The imaginary focus, as a rule, is with a diverging lens.

Rice. 7. Imaginary lens focus

Conclusion

In this lesson, you learned what a lens is, what lenses are. We got acquainted with the definition of a thin lens and the main characteristics of lenses and learned what is the imaginary focus, the real focus, and what is their difference.

Bibliography

1. Gendenstein L.E., Kaidalov A.B., Kozhevnikov V.B. / Ed.

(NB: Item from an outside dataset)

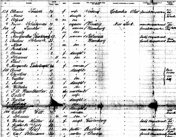 Early on in my search for American Hasselbacher families, I found a New York passenger list (below) from 1884 listing the arrival of J.A. Hasselbacher (2 s’s) and his wife Cath. who were both 33 y.o. They had three children whose names and ages were more or less obscured but appeared to be Bertha (or Rutha), Ludwig, and Caroline. I was not able to place them and I put them on the back burner. As I accumulate more information in general, occasionally other things tumble unexpectedly into place as it did in this case. The family shows up next as well-established in Oakland, California. A series of the next three census reports, some additional passenger lists as citizens, and a WWI registration allows the following summary. John Andrew (Johann Andreas) Hasselbacher is born 6 Feb 1851 in Dinkelsbuhl, Germany. He is a brushmaker and establishes his own business in America. About 1880 while still in Germany he marries Katherina, (b.13 Feb 1851 in Regensberg, Germany). When they immigrate in 1884, they have the three children above whose names become Lewis Charles (b. 13 Dec. 1880) and Lena b. Oct 1883). Bertha dies before 1900. The couple lists an additional two children, Wilhelmina (b. Oct 1883) and Clara (b. Sept 1889). There is some ambiguity about where the two younger children are born: Germany or California. The birth dates seem incompatible as well: two children in 1883. These additions may well have been born in California as listed in later censuses, but their initial mention in 1900 gives place of birth as Germany and also lists immigration dates of 1892. An apprentice brushmaker, Alvis Landsman, also arrives in 1892 and is living with the family in 1900. It seems more probable that Mena and Clara are relatives who came over later and were "adopted." Perhaps the answer to this riddle will become available if descendants step forward with more information. Are these folks a part of my Hasselbacher Family? It is quite possible but the links are not in hand. The initial spelling used two “s”’s but then settles on a single “s”. Dinkelsbuhl is just down the romantic highway, less than 70 km from the initial Franconian villages from which the rest of the Hasselbachers on these pages come from. A few weeks from now I will visit Dinkelsbuhl, where coincidently my Great-Grandfather Xaver Jakob Bayerl (also a brushmaker) was born in 1865. Perhaps I will be able to find additional information. If I were to guess, a likely connection might be through one of the other two sons of Steffan Hasselbacher of Austria about whom I now know very little, but about whom I intend to learn much more. I will keep you all posted. Help me if you can. Peter Hasselbacher AddendumI visited Dinkelsbühl in April 2007 to look for records of my Great-Grandfather Xaver Baÿrl. It is a relentlessly gorgeous medieval village whose walls are almost intact. I was successful. A second reason to visit was to see what I could find out about the Hasselbachers. I was successful there too, but not all the answers I wished for were to be found. I saw many Hasselbacher records including the birth record of our Johann Andreas on the same date he himself listed in 20th century American documents. (I was not permitted to photograph the records so you will have to forgive some misspellings in my transcription of the old writing and the oral interpretations by the church clerk.) The church books of St. Georg’s Church confirm that J. Andreas was born 6 Feb 1851 and his baptismal name appears to be Brandna. His father was Andreas Hasselbacher, a Gutnermeister (gardener) who lived in House Number 108. His mother, Marianne, was from Durwangen, 5 km to the north of Dinkelsbühl but her last name is subject to correction. Since there were several other children to this senior couple I got several cracks at her name. The best guess so far is something like “Göengerle” but other unreadable versions looked as different as Jüreg. That is the nature of church records where the scribes write what they hear spoken. Johann Andreas had at least five siblings between 1848 and 1861 to the same parents. There are also other Hasselbacher couples having children, including Joseph Hasselbacher and Eva Brückner of House Number 171 who have a son Johann Andreas on 19 Dec 1841, ten years before the birth of our J. Andreas. Still another couple; Andreas (whose father is Max H.) and ?Mack Carolina, born 6 Mar 1851) are married on 13 Sept 1870. There are still other parings and births that I did not have time to unravel. There is much name sharing among the families as if they were related. Despite the several dozen Hasselbachers I found in the mid 19th century, I could not find any of the children of our Johann Andreas, nor evidence of his marriage to Katherina. The nature of the records was such that I believe I would have found them if they had been there. Since Katharina was born in Regensberg, I must assume the couple met and raised their families elsewhere than Dinkelsbühl, perhaps Regensburg. That is a search for another time. What did I learn? How did the Hasselbachers get to Dinkelsbühl? The short answer is that I do not know. I did not have the time go back as far as I would have liked, but they appear to have been there in numbers by the early 1800s. There is more to learn in these records. Dinkelsbühl is a Catholic town. It seems a little atypical that religious refugees fleeing a forced Catholic conversion would go to a Catholic town, but a hundred or more years would have passed for the usual mixings to occur. (In this same time period, both of my great-grandparents were in such “mixed” marriages that were obviously occurring.) It is also quite possible that this line is a very different one from the descendants of Gresten, Austria. I also have a better feeling about the spelling issue. Everyone I spoke to whom aught to know told me not to make much of the variation among Hasselbacher, Haselbacher, Haßelbacher, or for
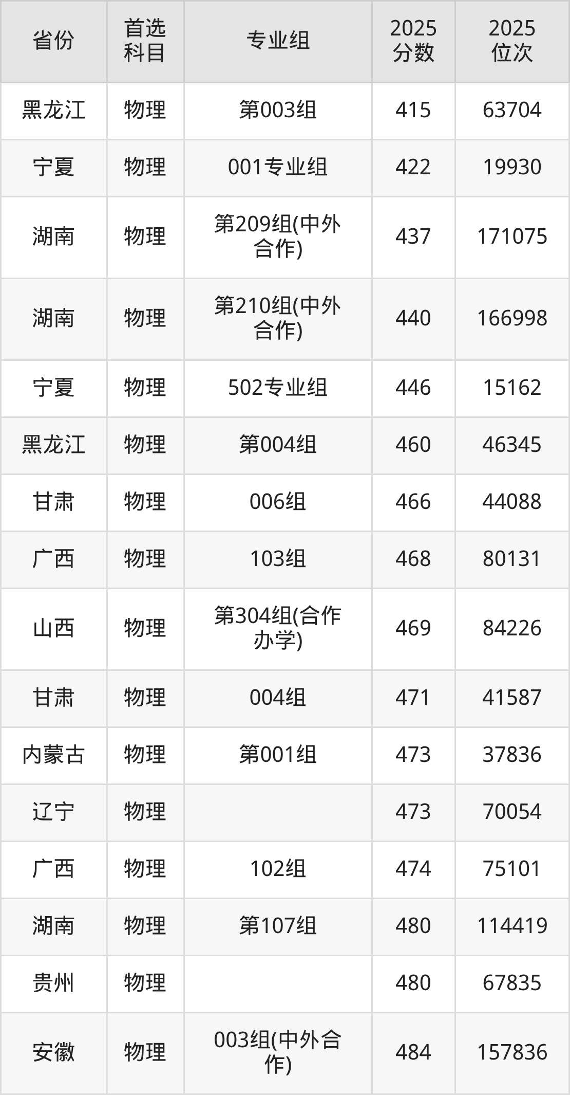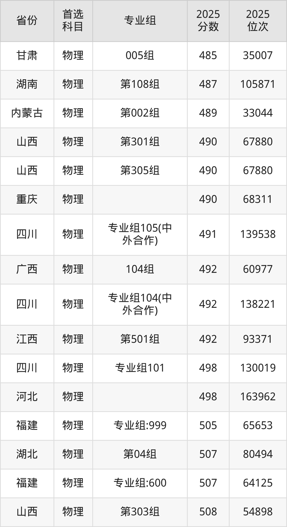 物理类最低分对应地区为黑龙江(第006组),录取位次为65717;最高分对应地区为四川(专业组103),录取位次为87075,超本科B93分。

Orlova V.A., Roizena I.I. Physics 8. - M.: Mnemosyne.
2. Peryshkin A.V. Physics 8. - M.: Bustard, 2010.
3. Fadeeva A.A., Zasov A.V., Kiselev D.F. Physics 8. - M.: Enlightenment.

1. Tak-to-ent.net().
2. Tepka.ru ().
3. Megaresheba.ru ().

Homework

1. Task 1. Determine the optical power of a converging lens with a focal length of 2 meters.
2. Task 2. What is the focal length of a lens whose optical power is 5 diopters?
3. Task 3. Can a biconvex lens have a negative optical power?